The records below hold a stretch from the line with "Created using MWSnap" through the line with "pedigree of the Udalrichinger"; return exactly those lines, ends included, and nothing more.

Extracted entries =
☆ ☆ ☆
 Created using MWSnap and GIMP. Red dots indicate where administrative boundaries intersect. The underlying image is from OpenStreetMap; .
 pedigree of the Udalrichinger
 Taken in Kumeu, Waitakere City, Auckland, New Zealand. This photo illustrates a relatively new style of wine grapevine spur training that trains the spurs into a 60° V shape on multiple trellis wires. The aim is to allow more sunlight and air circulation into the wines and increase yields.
☆ ☆ ☆
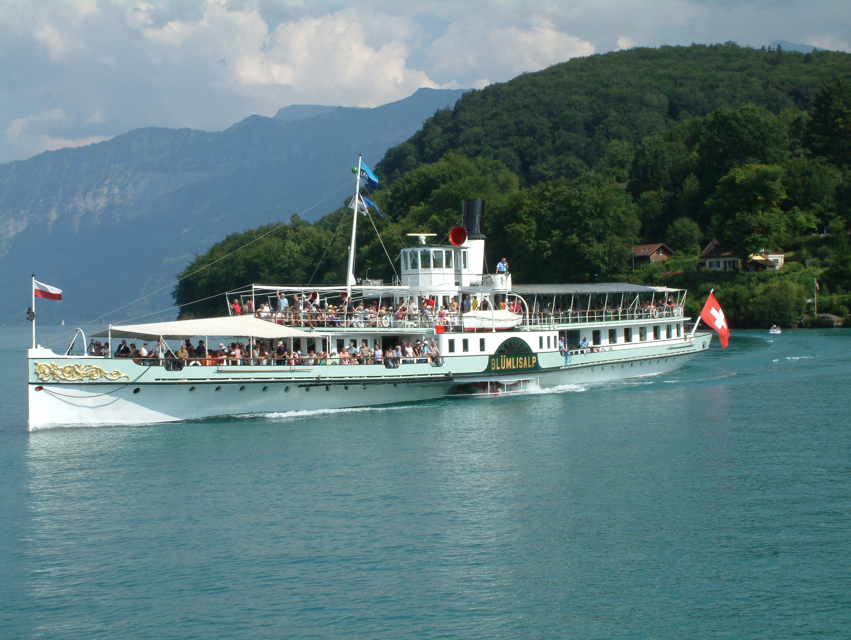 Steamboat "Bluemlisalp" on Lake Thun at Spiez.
☆ ☆ ☆
Answer section =
 Created using MWSnap and GIMP. Red dots indicate where administrative boundaries intersect. The underlying image is from OpenStreetMap; .
 pedigree of the Udalrichinger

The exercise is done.